Rapson, the transfer was based upon an unconstitutional statute which was “‘wholly

void . . . from the date it was enacted.’” Unlike the errors in Banks and Rapson, the

error here did not flow from the transfer itself and was not based on a legally erroneous

ground or an unconstitutional, void statute. Accordingly, we find no merit to the

Hartrys’ contention that this case is identical to Banks and Rapson. We note further

that neither Hartry, 307 Ga. 566, nor Hartry II vacated the consent order that

transferred venue to Spalding County.

      In sum, we conclude that there is no provision in Georgia law authorizing a trial

court to change venue under the circumstances presented here. To find otherwise

would permit transferee courts to revisit the transfer decisions of its counterparts,

sending litigants into a vicious cycle of venue transfers.

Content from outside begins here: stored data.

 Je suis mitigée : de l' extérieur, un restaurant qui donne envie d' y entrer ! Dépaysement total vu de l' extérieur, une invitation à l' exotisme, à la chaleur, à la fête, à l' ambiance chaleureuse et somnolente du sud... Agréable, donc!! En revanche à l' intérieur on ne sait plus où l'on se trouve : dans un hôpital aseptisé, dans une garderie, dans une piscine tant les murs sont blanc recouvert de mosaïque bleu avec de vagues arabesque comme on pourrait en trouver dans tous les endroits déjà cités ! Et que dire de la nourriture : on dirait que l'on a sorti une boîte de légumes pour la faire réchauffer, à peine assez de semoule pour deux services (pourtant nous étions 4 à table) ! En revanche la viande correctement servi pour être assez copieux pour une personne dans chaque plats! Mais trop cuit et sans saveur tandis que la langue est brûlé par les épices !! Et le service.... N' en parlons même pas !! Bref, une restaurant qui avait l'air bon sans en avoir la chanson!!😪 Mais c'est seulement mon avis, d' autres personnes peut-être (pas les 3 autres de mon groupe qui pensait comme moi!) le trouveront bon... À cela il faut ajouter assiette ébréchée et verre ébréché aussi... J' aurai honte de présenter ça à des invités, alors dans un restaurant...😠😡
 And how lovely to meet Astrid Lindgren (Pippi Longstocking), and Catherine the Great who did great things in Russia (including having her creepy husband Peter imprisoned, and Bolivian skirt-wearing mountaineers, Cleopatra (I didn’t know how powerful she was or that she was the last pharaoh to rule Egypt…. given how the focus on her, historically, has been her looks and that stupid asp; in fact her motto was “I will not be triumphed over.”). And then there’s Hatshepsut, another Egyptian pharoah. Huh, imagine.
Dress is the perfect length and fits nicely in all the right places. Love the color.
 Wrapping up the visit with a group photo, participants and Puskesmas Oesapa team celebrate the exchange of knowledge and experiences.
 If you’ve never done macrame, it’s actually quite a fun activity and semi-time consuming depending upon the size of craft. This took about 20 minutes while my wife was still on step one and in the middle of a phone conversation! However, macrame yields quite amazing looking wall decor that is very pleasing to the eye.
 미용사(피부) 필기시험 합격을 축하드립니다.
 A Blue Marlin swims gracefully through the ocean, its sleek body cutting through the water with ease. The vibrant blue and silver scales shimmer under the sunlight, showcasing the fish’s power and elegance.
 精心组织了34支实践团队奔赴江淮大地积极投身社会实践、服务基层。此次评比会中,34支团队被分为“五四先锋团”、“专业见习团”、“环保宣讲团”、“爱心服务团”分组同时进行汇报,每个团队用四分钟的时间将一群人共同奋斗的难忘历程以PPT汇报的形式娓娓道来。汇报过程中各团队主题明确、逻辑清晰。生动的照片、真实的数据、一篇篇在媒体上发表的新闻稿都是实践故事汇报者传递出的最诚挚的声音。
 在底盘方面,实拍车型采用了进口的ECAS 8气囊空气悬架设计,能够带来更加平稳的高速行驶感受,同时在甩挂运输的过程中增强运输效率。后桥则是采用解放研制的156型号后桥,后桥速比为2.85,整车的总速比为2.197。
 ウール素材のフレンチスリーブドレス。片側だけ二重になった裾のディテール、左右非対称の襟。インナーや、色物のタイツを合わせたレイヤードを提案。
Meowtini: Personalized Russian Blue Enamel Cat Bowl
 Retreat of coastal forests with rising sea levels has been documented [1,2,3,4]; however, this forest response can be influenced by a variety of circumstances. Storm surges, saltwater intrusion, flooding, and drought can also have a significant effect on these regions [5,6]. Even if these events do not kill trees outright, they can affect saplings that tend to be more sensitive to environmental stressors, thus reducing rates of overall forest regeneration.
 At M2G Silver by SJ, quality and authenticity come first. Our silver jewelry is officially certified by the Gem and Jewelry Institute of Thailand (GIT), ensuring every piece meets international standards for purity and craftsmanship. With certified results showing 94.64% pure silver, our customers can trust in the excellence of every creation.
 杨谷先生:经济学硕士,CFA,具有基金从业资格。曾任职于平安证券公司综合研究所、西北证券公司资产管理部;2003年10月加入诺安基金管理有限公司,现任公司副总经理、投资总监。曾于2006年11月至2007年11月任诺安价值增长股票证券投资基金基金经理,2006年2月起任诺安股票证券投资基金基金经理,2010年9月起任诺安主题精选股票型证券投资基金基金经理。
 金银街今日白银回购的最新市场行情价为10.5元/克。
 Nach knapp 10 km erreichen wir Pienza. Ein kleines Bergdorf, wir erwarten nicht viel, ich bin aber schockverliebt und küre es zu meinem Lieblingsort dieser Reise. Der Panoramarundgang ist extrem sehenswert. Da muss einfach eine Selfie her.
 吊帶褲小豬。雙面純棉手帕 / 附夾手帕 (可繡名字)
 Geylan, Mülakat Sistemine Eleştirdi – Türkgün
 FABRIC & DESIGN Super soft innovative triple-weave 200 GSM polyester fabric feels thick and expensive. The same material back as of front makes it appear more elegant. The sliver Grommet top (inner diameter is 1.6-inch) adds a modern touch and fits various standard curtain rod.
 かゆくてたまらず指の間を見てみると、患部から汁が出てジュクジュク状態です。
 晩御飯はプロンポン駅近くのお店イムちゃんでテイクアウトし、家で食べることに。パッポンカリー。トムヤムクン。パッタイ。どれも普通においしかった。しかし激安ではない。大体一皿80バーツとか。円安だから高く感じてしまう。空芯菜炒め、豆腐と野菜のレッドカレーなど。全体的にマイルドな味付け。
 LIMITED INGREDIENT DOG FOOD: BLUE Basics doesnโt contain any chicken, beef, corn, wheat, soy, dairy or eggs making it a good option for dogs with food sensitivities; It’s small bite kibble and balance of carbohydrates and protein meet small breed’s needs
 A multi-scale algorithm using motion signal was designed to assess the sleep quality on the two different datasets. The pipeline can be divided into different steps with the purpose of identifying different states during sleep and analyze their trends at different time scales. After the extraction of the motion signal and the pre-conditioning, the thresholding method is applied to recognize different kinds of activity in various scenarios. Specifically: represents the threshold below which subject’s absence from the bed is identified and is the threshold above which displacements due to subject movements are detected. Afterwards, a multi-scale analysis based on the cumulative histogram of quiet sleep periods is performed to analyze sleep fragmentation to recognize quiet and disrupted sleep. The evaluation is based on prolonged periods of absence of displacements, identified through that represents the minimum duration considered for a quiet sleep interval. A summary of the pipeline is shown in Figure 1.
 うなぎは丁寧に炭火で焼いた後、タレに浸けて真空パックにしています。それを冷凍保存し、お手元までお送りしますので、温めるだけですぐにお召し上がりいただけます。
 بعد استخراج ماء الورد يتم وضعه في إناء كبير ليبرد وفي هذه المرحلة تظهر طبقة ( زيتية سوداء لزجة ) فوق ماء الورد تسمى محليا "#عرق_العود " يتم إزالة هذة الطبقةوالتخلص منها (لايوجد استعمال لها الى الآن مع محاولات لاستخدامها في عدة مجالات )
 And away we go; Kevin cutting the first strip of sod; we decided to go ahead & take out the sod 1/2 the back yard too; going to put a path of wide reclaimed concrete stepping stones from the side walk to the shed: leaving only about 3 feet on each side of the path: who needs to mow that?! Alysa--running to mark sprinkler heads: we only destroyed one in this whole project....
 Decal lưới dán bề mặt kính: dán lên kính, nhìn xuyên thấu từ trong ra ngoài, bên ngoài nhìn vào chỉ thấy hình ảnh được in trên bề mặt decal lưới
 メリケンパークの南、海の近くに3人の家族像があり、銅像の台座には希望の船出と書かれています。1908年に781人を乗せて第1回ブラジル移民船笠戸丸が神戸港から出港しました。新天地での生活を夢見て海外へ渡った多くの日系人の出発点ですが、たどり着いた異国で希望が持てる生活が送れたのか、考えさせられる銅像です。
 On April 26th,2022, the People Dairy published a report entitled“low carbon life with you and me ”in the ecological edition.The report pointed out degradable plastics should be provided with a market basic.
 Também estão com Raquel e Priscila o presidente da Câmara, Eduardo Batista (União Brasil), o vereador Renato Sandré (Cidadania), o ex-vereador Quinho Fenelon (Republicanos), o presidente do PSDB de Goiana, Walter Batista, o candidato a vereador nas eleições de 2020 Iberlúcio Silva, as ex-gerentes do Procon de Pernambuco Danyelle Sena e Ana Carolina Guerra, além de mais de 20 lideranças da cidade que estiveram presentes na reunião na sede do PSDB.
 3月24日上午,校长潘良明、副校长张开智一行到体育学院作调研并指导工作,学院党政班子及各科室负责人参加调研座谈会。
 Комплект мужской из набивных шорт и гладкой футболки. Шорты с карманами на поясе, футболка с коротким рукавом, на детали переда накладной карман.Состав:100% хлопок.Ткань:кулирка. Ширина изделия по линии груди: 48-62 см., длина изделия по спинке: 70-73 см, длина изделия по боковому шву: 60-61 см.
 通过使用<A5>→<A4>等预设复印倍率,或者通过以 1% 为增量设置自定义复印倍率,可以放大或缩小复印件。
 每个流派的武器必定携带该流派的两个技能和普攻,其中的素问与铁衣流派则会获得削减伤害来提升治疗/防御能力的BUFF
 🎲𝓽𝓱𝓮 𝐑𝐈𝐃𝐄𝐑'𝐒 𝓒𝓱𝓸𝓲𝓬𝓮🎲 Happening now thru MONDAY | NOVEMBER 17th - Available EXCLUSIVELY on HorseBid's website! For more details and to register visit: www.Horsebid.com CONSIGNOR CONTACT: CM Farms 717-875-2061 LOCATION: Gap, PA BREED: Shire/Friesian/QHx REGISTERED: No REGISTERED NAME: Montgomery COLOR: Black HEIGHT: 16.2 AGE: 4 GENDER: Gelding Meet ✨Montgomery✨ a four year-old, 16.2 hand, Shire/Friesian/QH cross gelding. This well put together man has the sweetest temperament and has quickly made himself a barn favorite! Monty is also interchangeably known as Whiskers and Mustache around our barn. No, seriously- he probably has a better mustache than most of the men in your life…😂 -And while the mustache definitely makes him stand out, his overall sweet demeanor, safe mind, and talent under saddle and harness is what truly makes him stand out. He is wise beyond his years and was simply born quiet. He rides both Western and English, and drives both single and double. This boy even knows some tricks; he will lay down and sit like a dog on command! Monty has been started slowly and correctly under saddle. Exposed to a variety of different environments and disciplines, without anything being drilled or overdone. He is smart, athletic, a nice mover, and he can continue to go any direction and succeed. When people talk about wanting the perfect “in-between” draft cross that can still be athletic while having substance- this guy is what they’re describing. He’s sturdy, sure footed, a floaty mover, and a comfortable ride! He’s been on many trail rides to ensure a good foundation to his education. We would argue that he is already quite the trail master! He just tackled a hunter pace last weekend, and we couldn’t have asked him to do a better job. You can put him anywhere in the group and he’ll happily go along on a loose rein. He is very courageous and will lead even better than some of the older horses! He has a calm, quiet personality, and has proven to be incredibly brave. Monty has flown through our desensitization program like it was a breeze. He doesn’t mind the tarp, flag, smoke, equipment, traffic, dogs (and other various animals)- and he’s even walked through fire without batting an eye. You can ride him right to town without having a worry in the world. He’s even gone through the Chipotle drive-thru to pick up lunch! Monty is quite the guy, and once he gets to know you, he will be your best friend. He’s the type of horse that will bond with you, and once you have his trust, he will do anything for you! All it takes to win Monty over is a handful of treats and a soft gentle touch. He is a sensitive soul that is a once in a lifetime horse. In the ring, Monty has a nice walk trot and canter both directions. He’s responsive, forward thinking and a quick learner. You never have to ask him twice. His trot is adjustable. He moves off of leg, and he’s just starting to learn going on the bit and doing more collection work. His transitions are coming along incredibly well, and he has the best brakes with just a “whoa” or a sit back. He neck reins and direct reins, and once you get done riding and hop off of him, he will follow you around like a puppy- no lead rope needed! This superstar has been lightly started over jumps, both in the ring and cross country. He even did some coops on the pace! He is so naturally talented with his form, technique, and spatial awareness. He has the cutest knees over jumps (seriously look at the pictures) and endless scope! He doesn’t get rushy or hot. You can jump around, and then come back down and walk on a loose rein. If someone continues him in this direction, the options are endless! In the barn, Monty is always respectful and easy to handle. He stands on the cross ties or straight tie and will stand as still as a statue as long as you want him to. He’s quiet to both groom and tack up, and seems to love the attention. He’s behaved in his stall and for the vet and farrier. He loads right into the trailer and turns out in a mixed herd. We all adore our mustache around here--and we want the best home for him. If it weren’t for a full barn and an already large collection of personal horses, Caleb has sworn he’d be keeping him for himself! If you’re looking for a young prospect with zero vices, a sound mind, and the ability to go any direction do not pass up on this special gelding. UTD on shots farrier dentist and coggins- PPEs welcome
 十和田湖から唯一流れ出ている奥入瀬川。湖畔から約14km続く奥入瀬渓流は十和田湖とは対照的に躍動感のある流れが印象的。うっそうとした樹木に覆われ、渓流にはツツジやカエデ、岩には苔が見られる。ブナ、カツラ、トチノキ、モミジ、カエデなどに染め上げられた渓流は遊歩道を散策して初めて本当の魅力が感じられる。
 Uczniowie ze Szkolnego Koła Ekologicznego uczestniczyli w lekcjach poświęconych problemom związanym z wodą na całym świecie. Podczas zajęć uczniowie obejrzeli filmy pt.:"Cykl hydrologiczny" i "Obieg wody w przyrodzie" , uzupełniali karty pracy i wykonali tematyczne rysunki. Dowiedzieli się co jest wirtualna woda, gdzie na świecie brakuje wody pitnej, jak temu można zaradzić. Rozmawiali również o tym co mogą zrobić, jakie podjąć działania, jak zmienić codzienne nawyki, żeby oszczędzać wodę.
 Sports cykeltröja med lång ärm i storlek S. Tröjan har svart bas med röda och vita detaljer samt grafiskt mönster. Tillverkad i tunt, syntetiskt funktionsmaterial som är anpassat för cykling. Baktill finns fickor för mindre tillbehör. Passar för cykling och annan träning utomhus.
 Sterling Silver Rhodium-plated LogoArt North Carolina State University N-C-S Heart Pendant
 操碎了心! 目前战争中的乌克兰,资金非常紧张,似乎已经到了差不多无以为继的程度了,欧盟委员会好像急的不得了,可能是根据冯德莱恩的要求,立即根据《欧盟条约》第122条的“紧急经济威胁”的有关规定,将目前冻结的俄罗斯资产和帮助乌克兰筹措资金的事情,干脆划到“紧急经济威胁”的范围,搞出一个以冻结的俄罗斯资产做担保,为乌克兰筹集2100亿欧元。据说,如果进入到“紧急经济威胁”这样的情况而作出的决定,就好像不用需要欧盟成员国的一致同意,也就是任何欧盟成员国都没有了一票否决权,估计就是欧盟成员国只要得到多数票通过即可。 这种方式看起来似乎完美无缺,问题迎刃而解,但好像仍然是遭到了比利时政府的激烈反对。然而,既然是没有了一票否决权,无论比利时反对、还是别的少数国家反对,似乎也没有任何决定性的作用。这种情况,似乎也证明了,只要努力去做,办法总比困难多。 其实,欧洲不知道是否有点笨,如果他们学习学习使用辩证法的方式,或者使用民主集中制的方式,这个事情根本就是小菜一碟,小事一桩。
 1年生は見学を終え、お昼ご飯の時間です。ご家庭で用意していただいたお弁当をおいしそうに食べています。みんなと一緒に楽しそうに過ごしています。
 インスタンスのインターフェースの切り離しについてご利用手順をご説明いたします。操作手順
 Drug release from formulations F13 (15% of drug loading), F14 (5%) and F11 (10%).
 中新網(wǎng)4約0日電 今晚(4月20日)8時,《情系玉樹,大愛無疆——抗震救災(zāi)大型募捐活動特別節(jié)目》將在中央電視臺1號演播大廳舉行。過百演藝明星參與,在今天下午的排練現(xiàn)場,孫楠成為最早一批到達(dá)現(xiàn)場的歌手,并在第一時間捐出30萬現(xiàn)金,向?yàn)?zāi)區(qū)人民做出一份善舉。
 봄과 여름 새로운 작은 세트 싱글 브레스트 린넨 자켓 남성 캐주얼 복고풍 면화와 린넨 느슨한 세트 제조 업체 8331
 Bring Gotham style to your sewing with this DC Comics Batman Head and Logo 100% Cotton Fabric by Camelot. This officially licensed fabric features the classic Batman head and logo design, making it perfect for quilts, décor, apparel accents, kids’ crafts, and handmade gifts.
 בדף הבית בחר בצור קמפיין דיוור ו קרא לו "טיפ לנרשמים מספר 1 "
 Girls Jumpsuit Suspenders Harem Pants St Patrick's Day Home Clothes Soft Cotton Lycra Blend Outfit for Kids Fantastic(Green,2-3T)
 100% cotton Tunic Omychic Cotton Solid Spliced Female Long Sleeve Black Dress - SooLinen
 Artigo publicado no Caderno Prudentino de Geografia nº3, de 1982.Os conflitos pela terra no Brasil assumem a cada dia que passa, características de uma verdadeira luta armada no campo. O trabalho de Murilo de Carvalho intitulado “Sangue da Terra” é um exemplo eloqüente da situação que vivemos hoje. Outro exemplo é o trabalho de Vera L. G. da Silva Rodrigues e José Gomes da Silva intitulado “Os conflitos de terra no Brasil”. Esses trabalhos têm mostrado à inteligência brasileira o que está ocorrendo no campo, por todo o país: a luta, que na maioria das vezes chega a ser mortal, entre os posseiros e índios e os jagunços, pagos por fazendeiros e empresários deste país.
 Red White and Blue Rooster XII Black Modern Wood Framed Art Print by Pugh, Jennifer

As a sister court wisely noted

in a somewhat similar case, “[i]t would be as unproductive as it would be unseemly for

courts to engage in an interminable ping-pong match, transferring and retransferring

cases between them.” Spinnell v. Doris L. Sassower, P.C., 589 N.Y.S.2d 230, 235-236

(III) (N.Y. City Civ. Ct. 1992). Accordingly, we reverse the trial court’s order

transferring this case from Spalding County to Clayton County.

      Judgment reversed. Doyle, P. J., and Reese, P. J., concur.